*** Opening of Data below ***
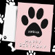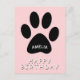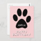 Cartão postal de aniversário com impressão de pata rosa fofo. Este cartão postal de aniversário para crianças apresenta uma impressão de pata de cachorro preto em um fundo rosa. Personalize o cartão postal com seu nome e você também pode alterar o texto de Feliz aniversário.
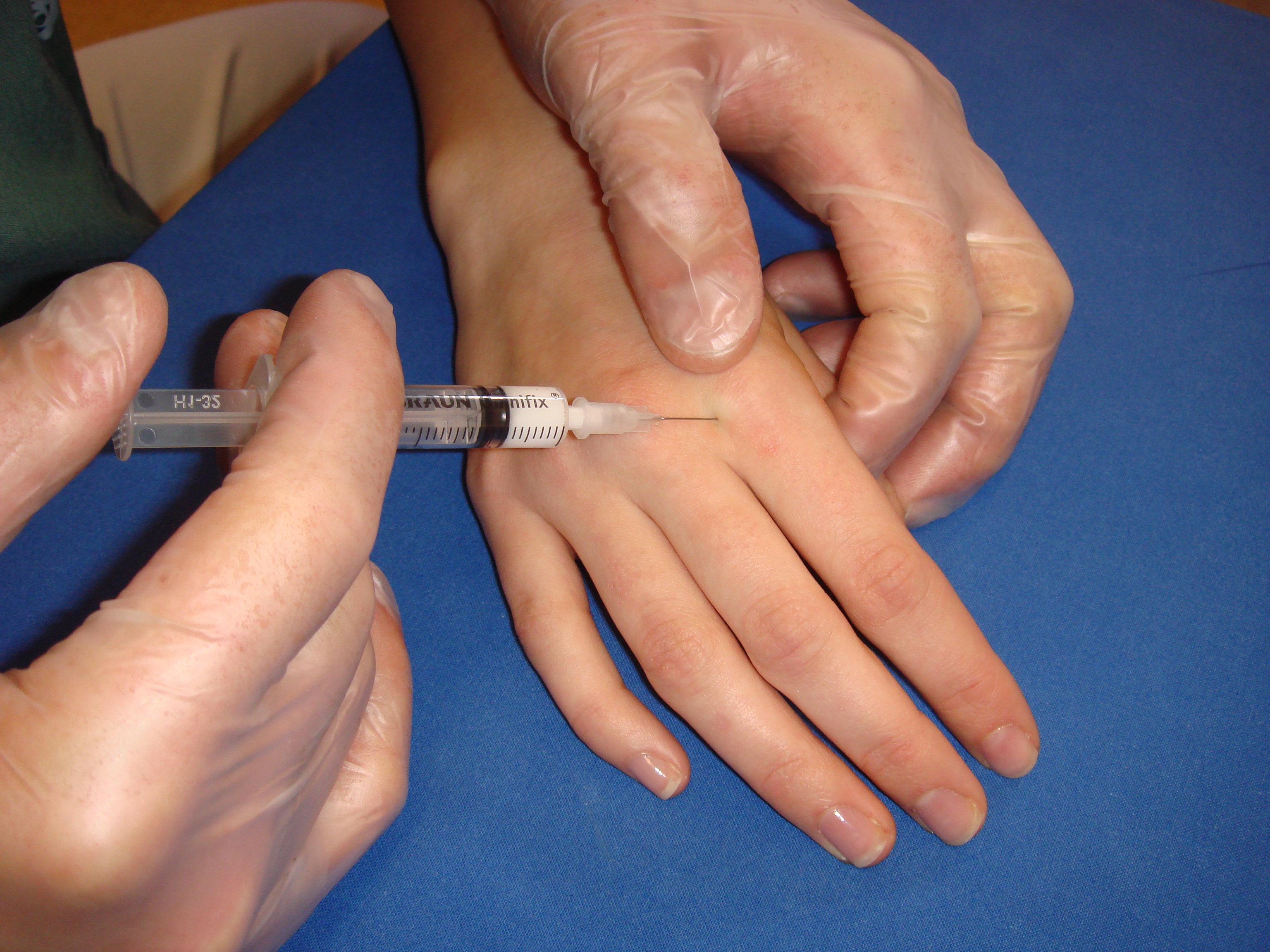 - Före punktion skall huden parallellförkjutas något för att skapa en bruten stickkanal.
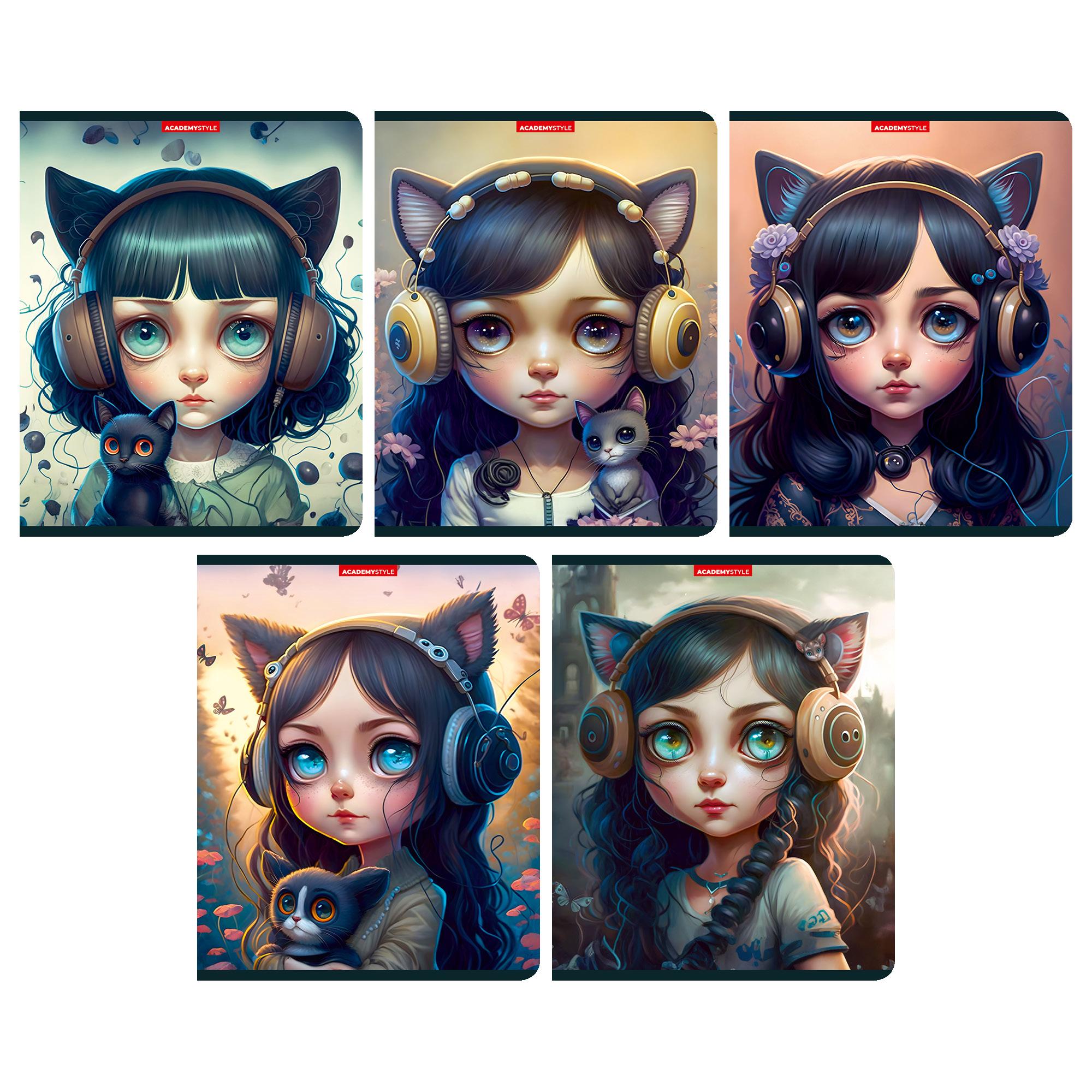 | Тетрадь общая А5 на скрепке 48 листов (клетка) (АКАДЕМИЯ) офсет (матовая ламинация) Большие глаза Девочка-кошка Ассорти  Тетрадь 48л скрепка А5 клетка матовая ламинация обложка - картон мелованный, блок 60-65 г/кв.м. |
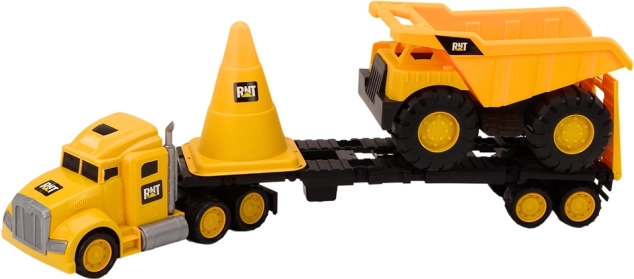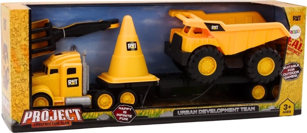 Tento realistický stavebný set poteší každé dieťa, ktoré miluje svety stavenísk. Žltý ťahač s návesom pohodlne prepraví sklápačku, veľký dopravný kužeľ vymedzí stavenisko a lopatka s hrabľami sa postarajú o hodiny zábavy na piesku aj na záhrade. Hračky sú vyrobené z kvalitného, odolného plastu, ktorý sa ľahko čistí.
*** Close of Data below ***
Copy out the material above exactly; the images stay out.

**Response box**
 Cartão postal de aniversário com impressão de pata rosa fofo. Este cartão postal de aniversário para crianças apresenta uma impressão de pata de cachorro preto em um fundo rosa. Personalize o cartão postal com seu nome e você também pode alterar o texto de Feliz aniversário.
 - Före punktion skall huden parallellförkjutas något för att skapa en bruten stickkanal.
 | Тетрадь общая А5 на скрепке 48 листов (клетка) (АКАДЕМИЯ) офсет (матовая ламинация) Большие глаза Девочка-кошка Ассорти  Тетрадь 48л скрепка А5 клетка матовая ламинация обложка - картон мелованный, блок 60-65 г/кв.м. |
 Tento realistický stavebný set poteší každé dieťa, ktoré miluje svety stavenísk. Žltý ťahač s návesom pohodlne prepraví sklápačku, veľký dopravný kužeľ vymedzí stavenisko a lopatka s hrabľami sa postarajú o hodiny zábavy na piesku aj na záhrade. Hračky sú vyrobené z kvalitného, odolného plastu, ktorý sa ľahko čistí.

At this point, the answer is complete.